We’ve created a DSL and compiler for modeling micro-architecture that handles a very broad class of architectures - CPU, GPUs, VLIWs, DSPs, ML accelerators, and embedded devices. This effort grew out of a need to quickly develop and experiment with high-quality compilers and tools to facilitate rapid architecture exploration. We named the DSL “MDL” for “Microarchitecture Description Language”.
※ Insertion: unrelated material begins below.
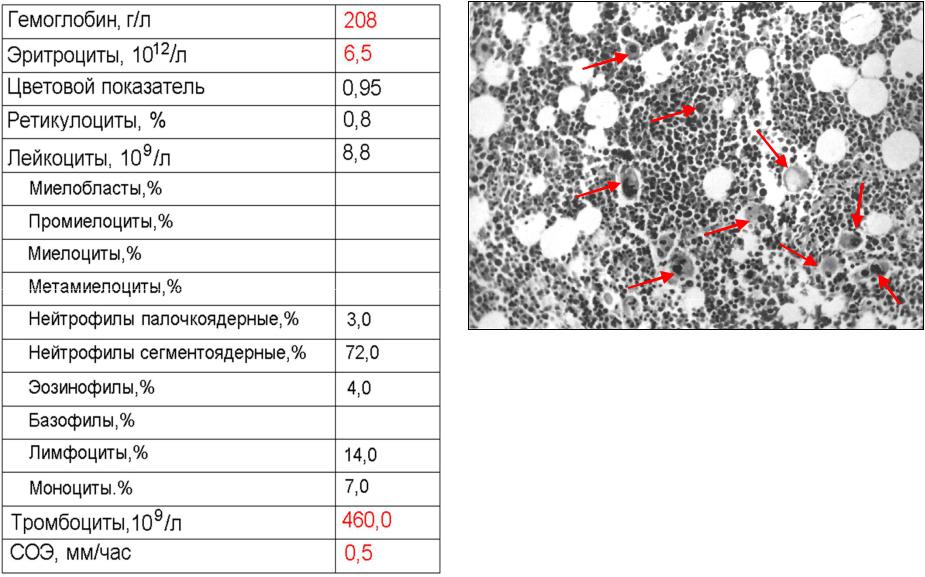 Трепанобиоптат подвздошнойкости: уменьшено количество жира, обилие мегакариоцитов (показаны стрелками)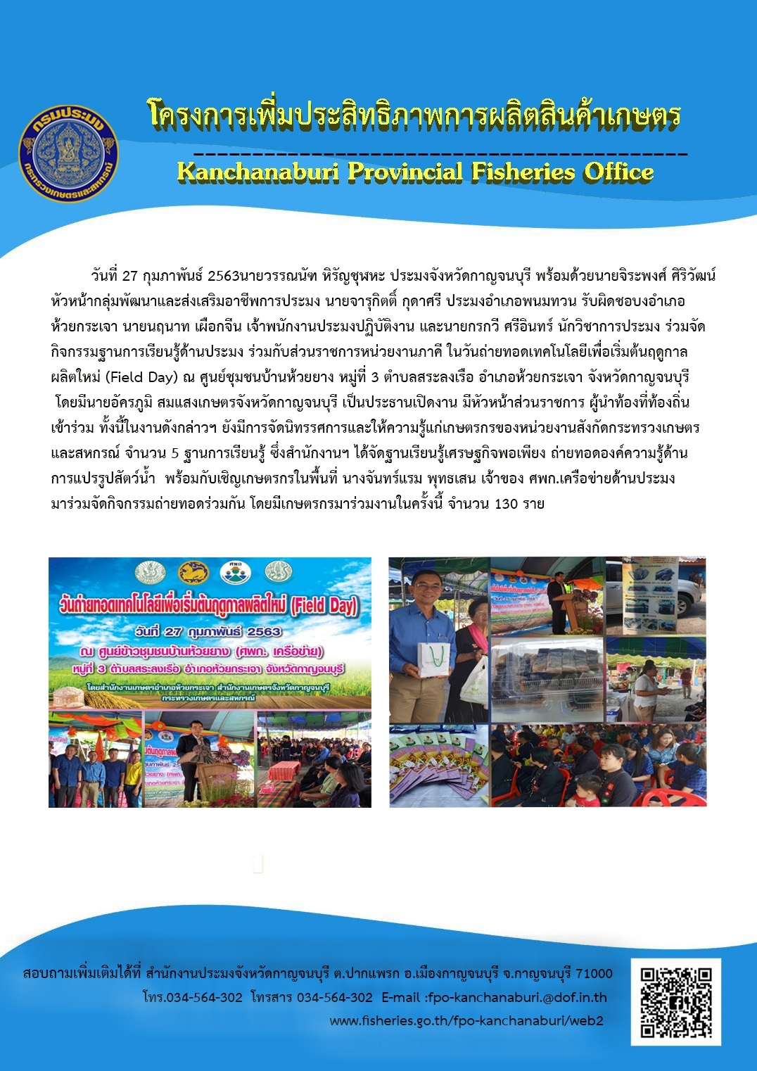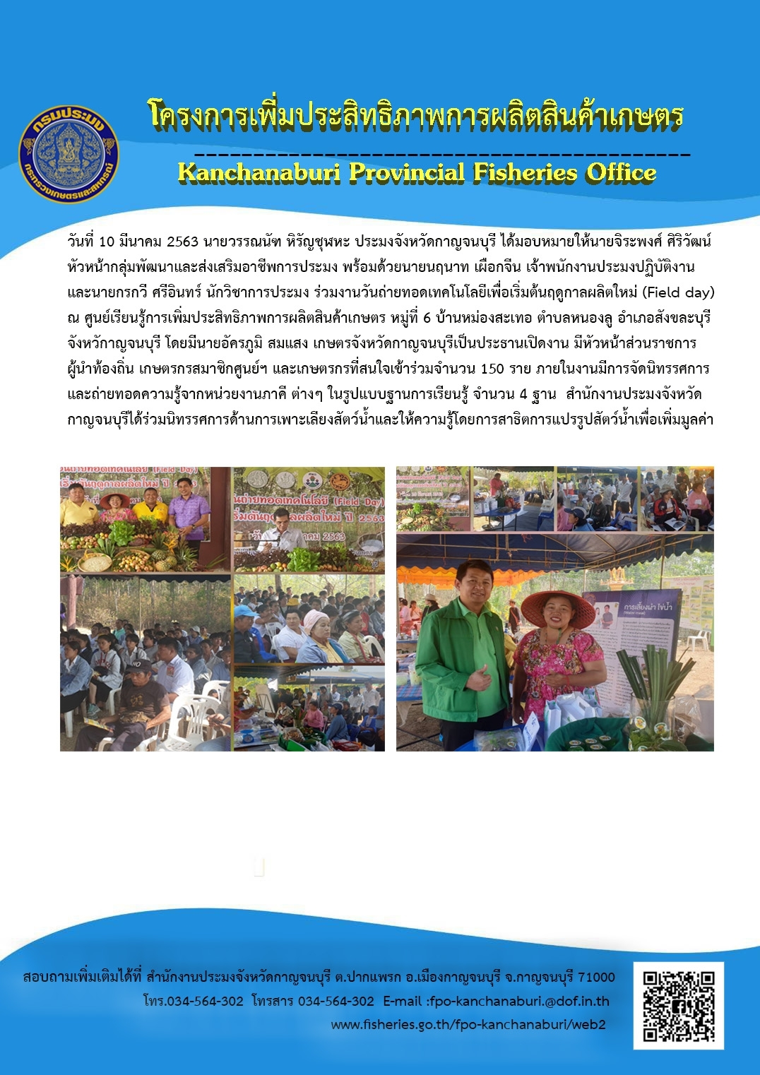 งานวันถ่ายทอดเทคโนโลยีเพื่อเริ่มต้นการผลิต (Field day) ในพื้นที่จังหวัดกาญจนบุรี ประจำปีงบประมาณ พ.ศ.2563

While being significantly more expressive than TableGen’s Schedules and Itineraries used in LLVM, MDL is also more concise, and simpler to read and write while supporting a much broader class of embedded and accelerator architectures. We currently can automatically _generate _MDL descriptions for all upstream targets which are in many cases 1/10 the size of the equivalent TableGen descriptions. We’ve integrated this with LLVM, and are sending out this RFC because we believe it could be valuable to the larger LLVM community. \
The MDL compiler, associated tools, and documentation are available as open source (at GitHub - MPACT-ORG/llvm-project at work), and we would like to explore adding this to the LLVM project, and encourage contributions from others.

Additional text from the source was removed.